洪波大約三十五六,做了侯季十幾年親兵的他不僅精明而且精悍,眼神明亮如炬的看著緩步而來的李逸,沒有半絲懼怕。
「洪波!勾結外族,叛國謀利,你可認罪?」李逸沒有說話,身後的墨棄直接將罪名說出,引得院裡的家眷臉上露出一片駭然之色。
「哼!我洪某人跟隨都督南征北戰十餘載!卸甲後奉公守法,你說我勾結外族,可有證據!」洪波一臉正色,氣勢凌人的回道。
「這是上個月你給幽州王家發出的傳書,說兩千匹胡馬已到,這就是鐵證!」墨棄拿著李逸給他的信筏,拿在手中暴喝道。

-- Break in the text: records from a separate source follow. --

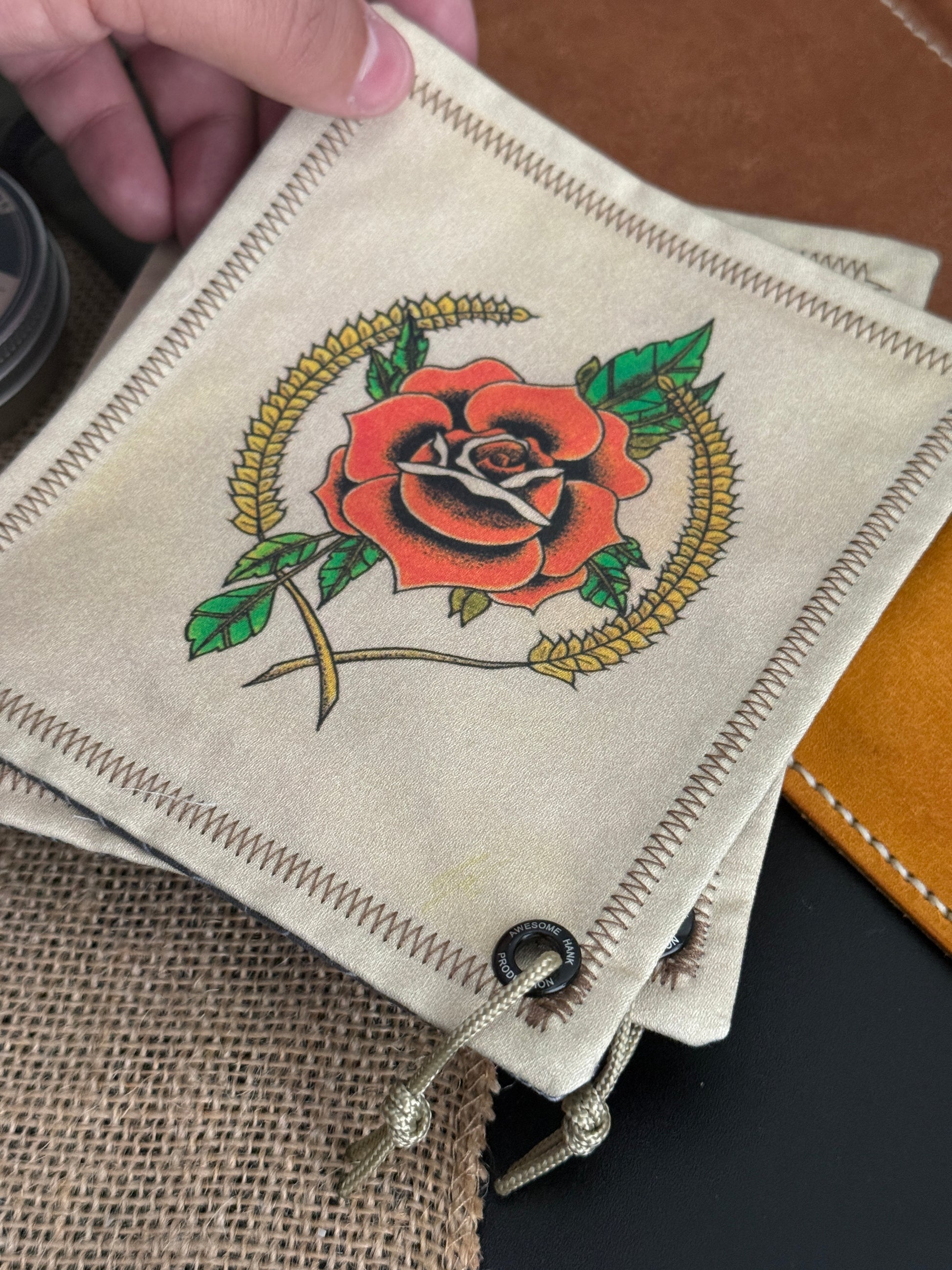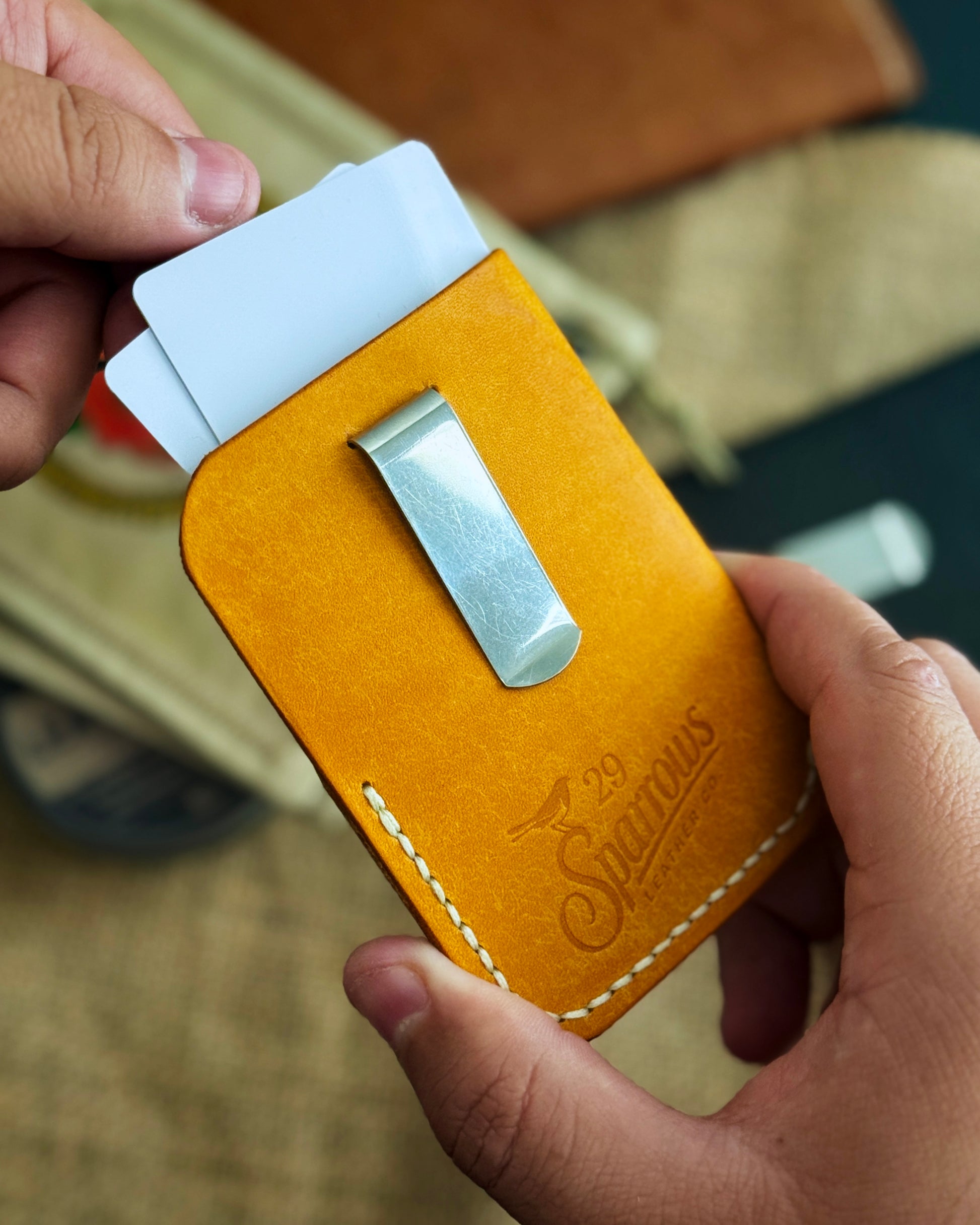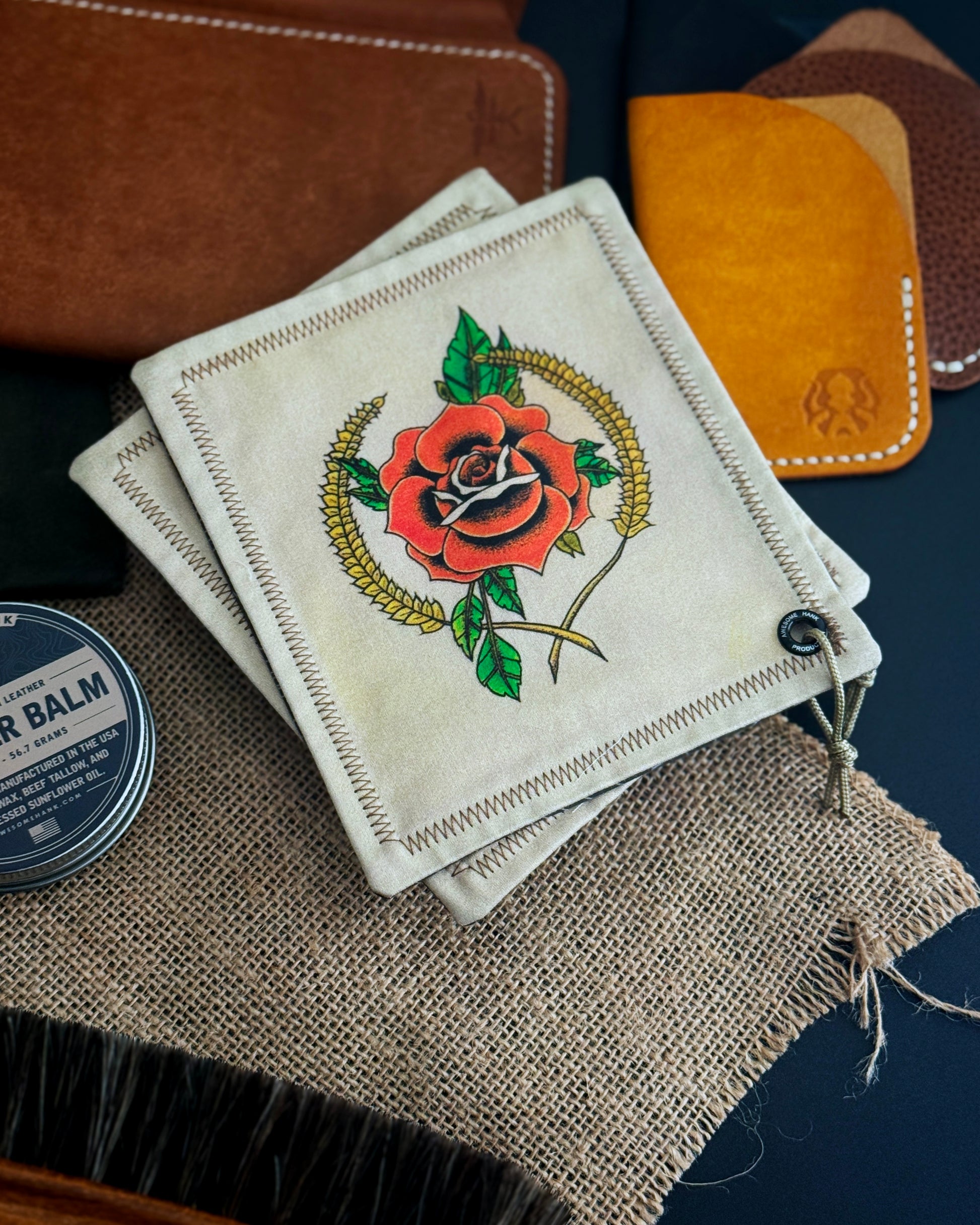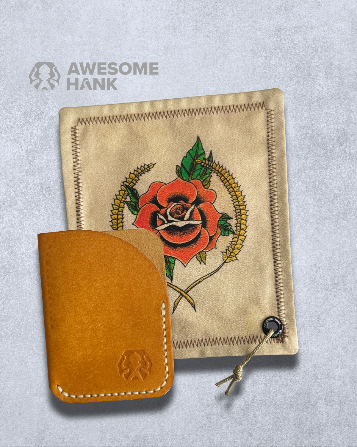 29SPARROWS LEATHERS CO. & AWESOME HANK BUNDLE PACK - MODERN EVERYDAY CARRY HANDKERCHIEF FEATURING A COLLABORATIVE "HOLD FAST" ROSES AND BREAD ILLUSTRATION HANK AND A HANDCRAFTED LEATHER CARD WALLET WITH MONEY CLIP. BUNDLE COMES STANDARD WITH A YELLOW VEG TAN PUEBLO CARD WALLET, WITH A CHANCE TO GET A CHASE COLOR OPTION IN BLACK OR BROWN LEATHER. (A FEW BUNDLES WILL FEATURE THE RARE CHASE COLORS AT RANDOM INSTEAD OF THE STANDARD YELLOW WALLET). CARD WALLET CAN HOLD 5-7 CARDS AND A FEW BILLS.
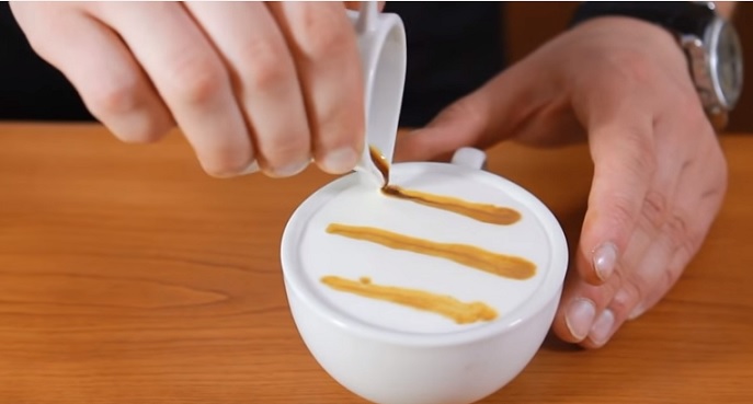ويتم الرسم على القهوة بإضافة الحليب أو الكريمة المخفوقة جيداً وهذا الفيديو يوضح لك الأمر بالتفصيل.
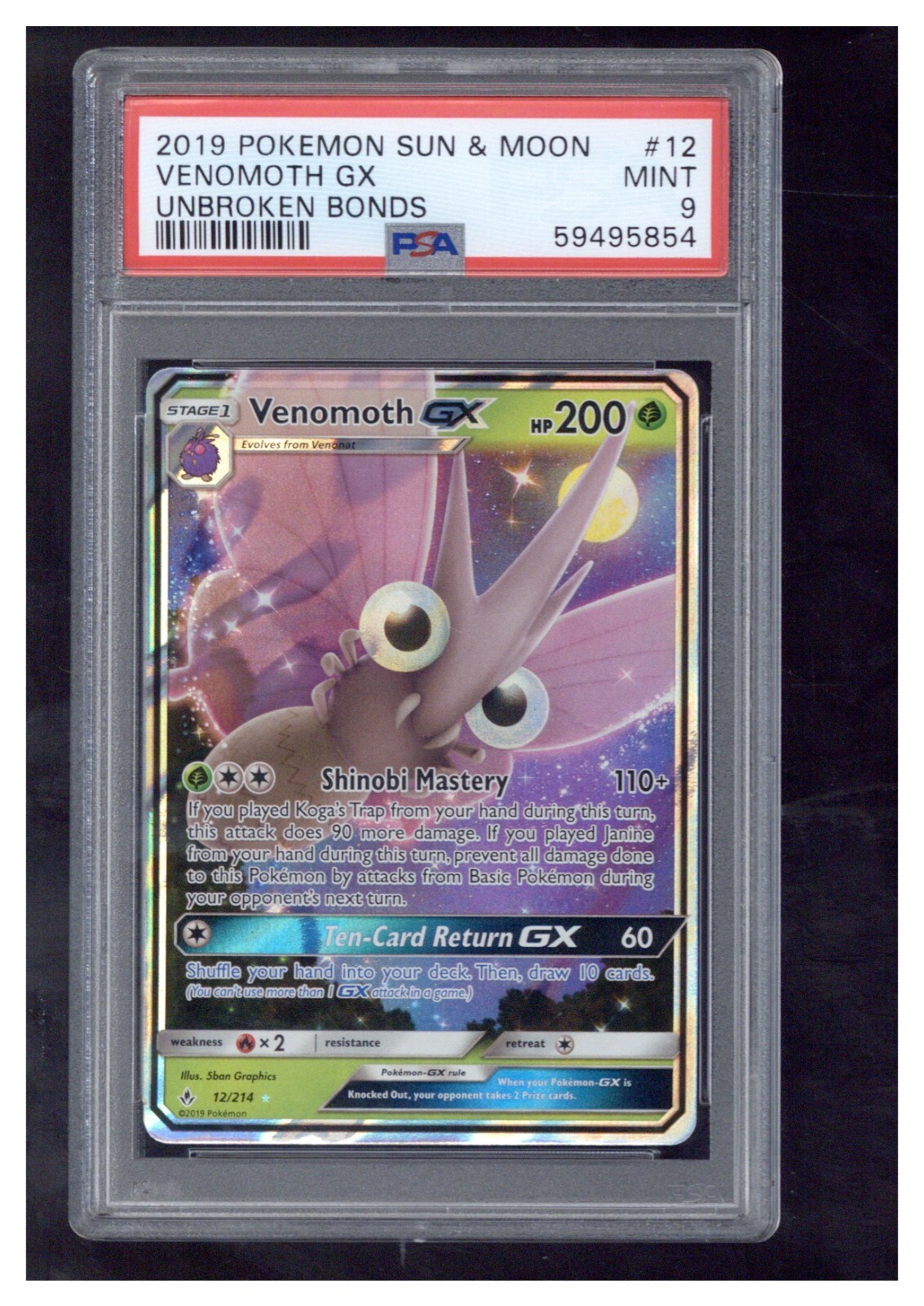 2019 POKEMON SUN & MOON UNBROKEN BONDS 12 VENOMOTH GX PSA 9 COLLECTIBLE MEMORABILIA

誰知洪波聞言冷笑一聲,「笑話!我家參與了馬客營生,賣一些胡馬就是叛國謀利了?再說王家是什麼外族?爾等言論當真可笑至極!」
李逸不動聲色的看著洪波,這一刻忽然冷笑一聲:「不愧是侯大將軍的親兵,不僅驍勇善戰,還能言善辯,不過很可惜,我今日不是來與你講道理的!」
聽到李逸的話,洪波這一刻眼中陰沉的快要滴出水來,正好剛才沖入院裡的王玄策此時也沖了出來。
「將軍,找到養飛奴的人了!飛奴也全都在籠里!」王玄策人未至聲先到,洪波的臉色瞬間白了一分。